Responding to social media feedback
Online feedback comes in different forms, either set public or anonymous, but may carry similar weight in terms of impacting a company’s destiny. Whether it is positive or negative, companies should follow a few simple procedures when monitoring social media for customer feedback.
1. Overall assessment
Review the online issue and determine if this is a one-time issue or if it has become an ongoing and long-term problem. A one-time occurrence such as a blog post or comment written by one person may be managed with a removal request or strategy. However, if it has already been rapidly shared and is appearing on multiple pages or channels, removal in this situation is quite impossible. It is also important to look at the overall impact of that negative content on the sales and business operations. The economic damage of a negative post must be assessed at all times as it plays a vital role in the budget and plan for future strategy and tactics.
2. Assess the author
In some cases, the source of the negative content is known. If the author is known to the company, be it a recently-fired employee or a dissatisfied customer, can they be contacted in order to resolve the issue and asked to take down the post? Or is this just someone who craves some attention?
On the other hand, if the poster is anonymous, their identity can still be found through legal channels. Usually, it may take several months of working with web hosting companies and analyzing IP addresses to identify an anonymous poster. However, sometimes just the mention of legal action alone is sufficient to compel the unknown person to remove the post.
3. Act promptly
Most customers have reasonable expectations about how long it will take to receive a response. Many companies give responses within one business day or a few hours, as they use social media as one of the main channels for customer service inquiries.
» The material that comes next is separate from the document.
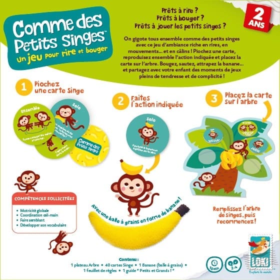 Points Forts : Accessibilité : Conçu pour les enfants à partir de 4 ans, le jeu est facile à comprendre et à jouer, avec des règles simples et des visuels attrayants. Interaction : Les joueurs interagissent les uns avec les autres, ce qui favorise la coopération et la compétition amicale. Éducatif : Le jeu aide les enfants à développer des compétences de base telles que la reconnaissance des formes, la coordination œil-main et la gestion des ressources. Illustrations : Avec des illustrations colorées et amusantes, Comme des Petits Singes attire les jeunes joueurs et les plonge dans un univers joyeux et dynamique.

4. Do not delete negative comments
This seemingly easy solution is actually a slippery slope that could break a company, yet is one of the frequent mistakes that many companies make. Customers demand honesty and transparency, thus, simply deleting negative feedback will only hurt the company as integrity will be questioned.
5. Respond publicly
Responding publicly shows one’s professionalism and that they actually care about their customers. When the feedback is negative, try to move the conversation offline since no one wants to handle the matters publicly. A response via social media should always offer a way for the company and customer to connect offline by phone or by email. It is important to address the issue with a tone of professionalism, ask them to provide every single detail, then ask them to wait for a follow-up. Regardless of who is in the wrong, and unprofessional demeanor will only backfire, leading to nowhere.
What if the attack is too severe to be fixed?
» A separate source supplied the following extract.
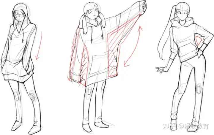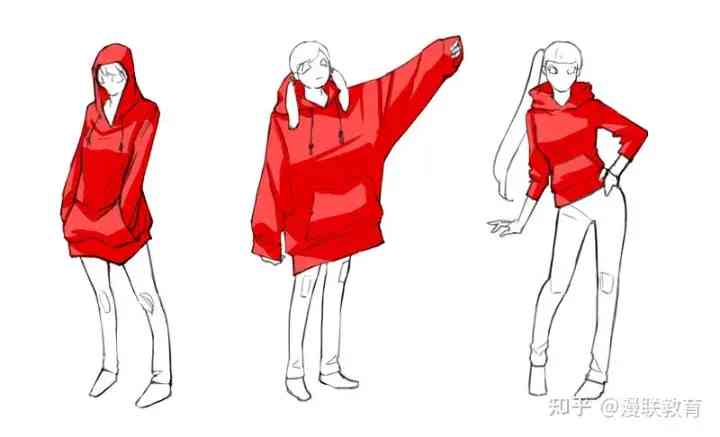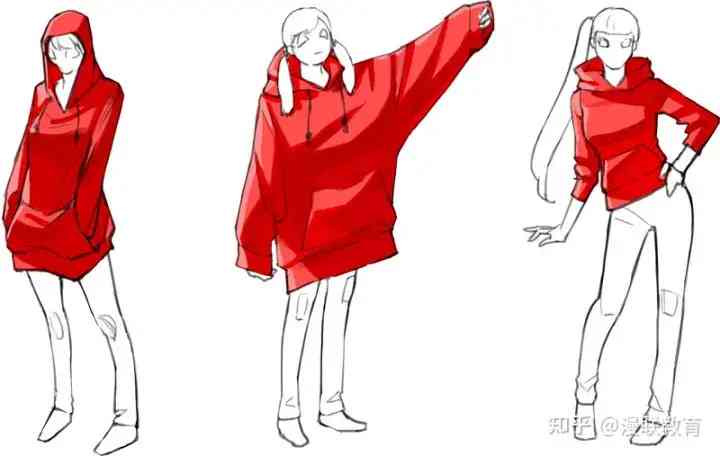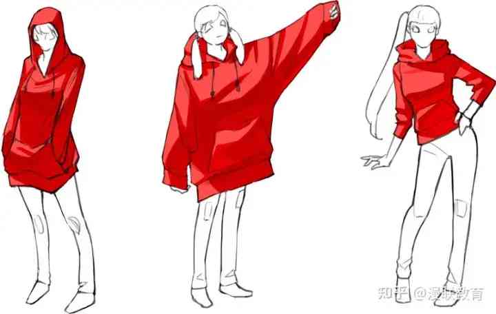 穿着连帽衫作为如何绘制立体衣服的示例。

Many times, the online attack is so severe that a simple strategy is not sufficient to alter the situation. In this situation, companies can consider different methods, such as removal tools or services, covert ops, or worse, let time decide.
1. Removal tools or services
There are many services that remove negative content where the third party company asks the complaint site to remove the complaints or attacks in return for a few thousand dollars. However, this method is actually not recommended due to scam-related issues.
2. Covert ops
Hire a trusted online reputation specialist who uses a combination of skills, including a deep understanding of how websites work and how terms and conditions are enforced, to get content either removed from websites or delisted from search results. Some will charge $10,000 – $20,000 depending on the number of negative results and degree of complexity. Ensure that payment is not made upfront, and ask for a guarantee that such content will not return for at least one year.
3. Let time decide
In many cases, the only way to alter the crisis is to wait for the heat to die down, while still employing multiple strategies and tactics offered by public relations and strategic communications professionals. Some issues might take a year to manage, and some may never get resolved to the satisfaction of the business owner.
In an era where social media can break or make a business, companies should set up policies and processes for dealing with and evaluating feedback. If done properly, they could prevent the issues from spreading across different platforms and minimize risks associated with people, sales, and business operations as a whole.